### Provided material

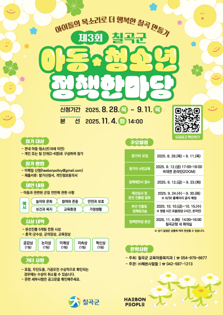 피재호 교육아동복지과장은 “본인이 제안한 정책이 실제 군정에 반영되는 경험을 통해 아동·청소년의 자긍심을 고취시키고 아동? 청소년이 행복하게 살 수 있는 아동친화도시로 자기매김하는 계기가 될 것”이라며“칠곡에 거주하는 아동·청소년의 많은 신청을 바란다”고 전했다.
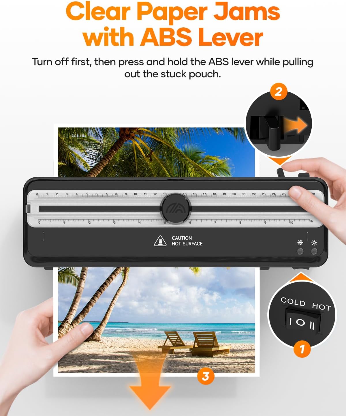 - Built-In Paper Trimmer — Features an integrated paper cutter, so you can easily trim and create neat, clean edges for all your laminated projects. No extra tools needed!
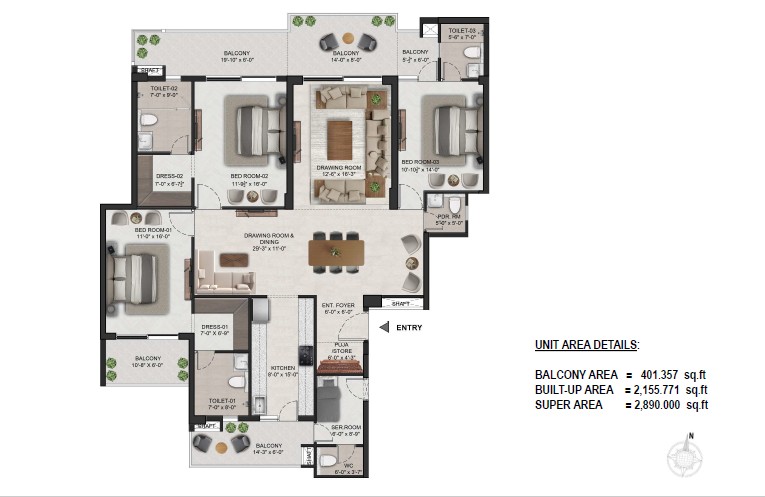 The Eden Park 3+S BHK 2890 Sq.Ft Layout
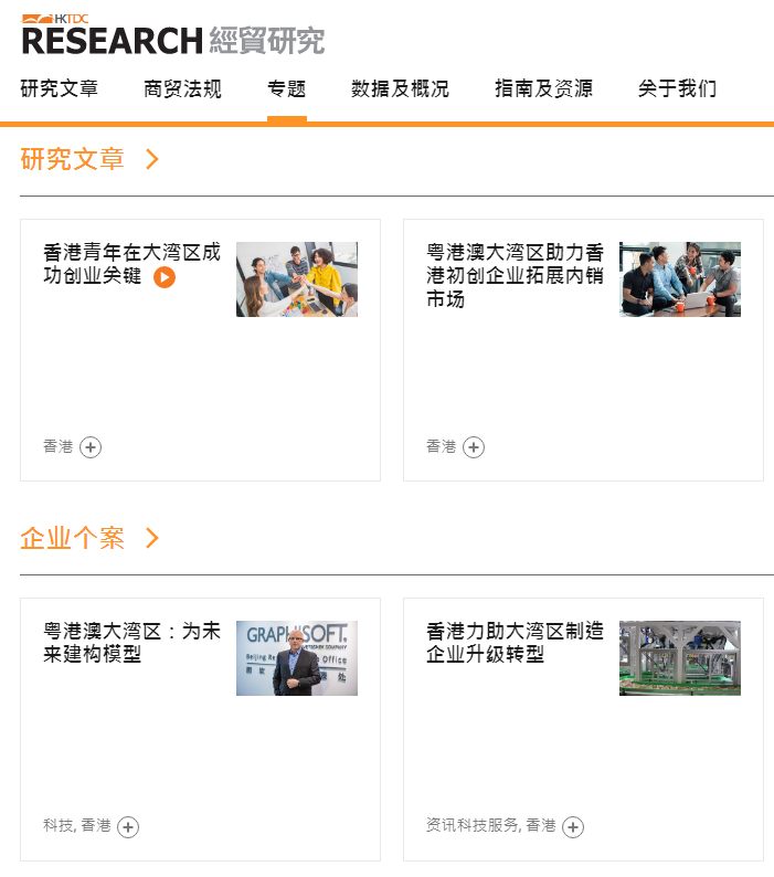 香港貿(mào)發(fā)局官網(wǎng)會不定期更新個案研究,幫助港企、香港青年更加了解粵港澳大灣區(qū)。
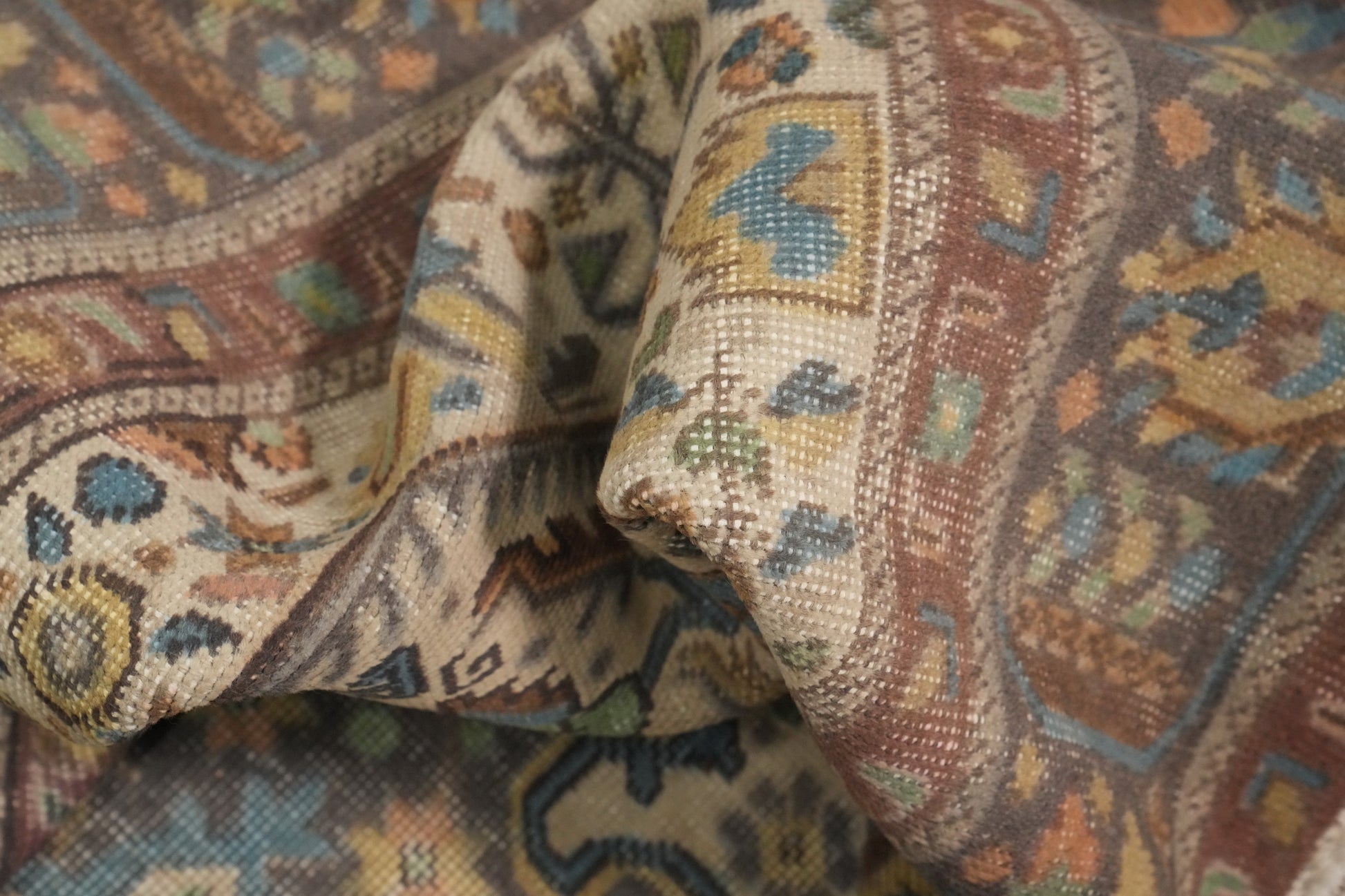 A Beautiful Genuine Persia ( Persia ) Tabriz rug is Hand Knotted by skillful weavers in Persia ( Persia ) with 100% Wool Material. This rug is in Very Good (Evenly Low Pile) condition. dimensions are 9' 1'' X 6' 3'' in foot and 277 X 191 in centimeter. the primary color is Beige & Ivories.
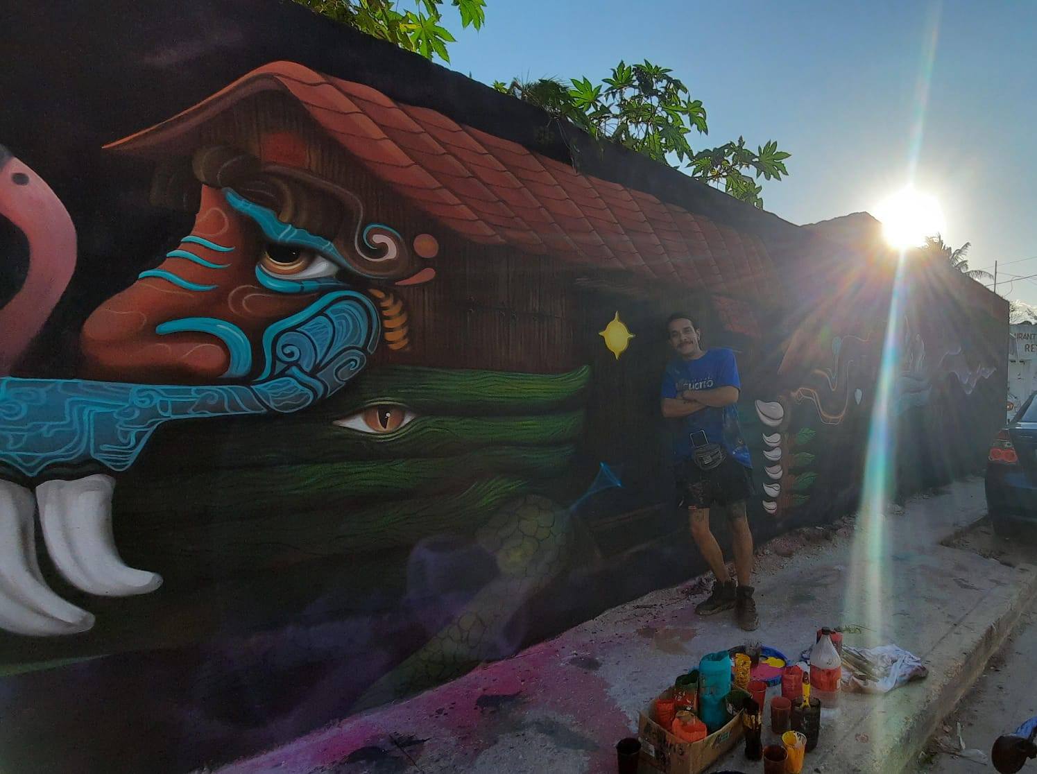 El artista plástico Carlos Vázquez Macías convirtió un muro del lugar en una pieza monumental que entrelaza la cosmovisión maya con la riqueza natural de la región, como parte del Festival Renace Internacional.

######

> [Problem to work on] Quote the records above exactly, leaving out any pictures.

> [Your solution]
 피재호 교육아동복지과장은 “본인이 제안한 정책이 실제 군정에 반영되는 경험을 통해 아동·청소년의 자긍심을 고취시키고 아동? 청소년이 행복하게 살 수 있는 아동친화도시로 자기매김하는 계기가 될 것”이라며“칠곡에 거주하는 아동·청소년의 많은 신청을 바란다”고 전했다.
 - Built-In Paper Trimmer — Features an integrated paper cutter, so you can easily trim and create neat, clean edges for all your laminated projects. No extra tools needed!
 The Eden Park 3+S BHK 2890 Sq.Ft Layout
 香港貿(mào)發(fā)局官網(wǎng)會不定期更新個案研究,幫助港企、香港青年更加了解粵港澳大灣區(qū)。
 A Beautiful Genuine Persia ( Persia ) Tabriz rug is Hand Knotted by skillful weavers in Persia ( Persia ) with 100% Wool Material. This rug is in Very Good (Evenly Low Pile) condition. dimensions are 9' 1'' X 6' 3'' in foot and 277 X 191 in centimeter. the primary color is Beige & Ivories.
 El artista plástico Carlos Vázquez Macías convirtió un muro del lugar en una pieza monumental que entrelaza la cosmovisión maya con la riqueza natural de la región, como parte del Festival Renace Internacional.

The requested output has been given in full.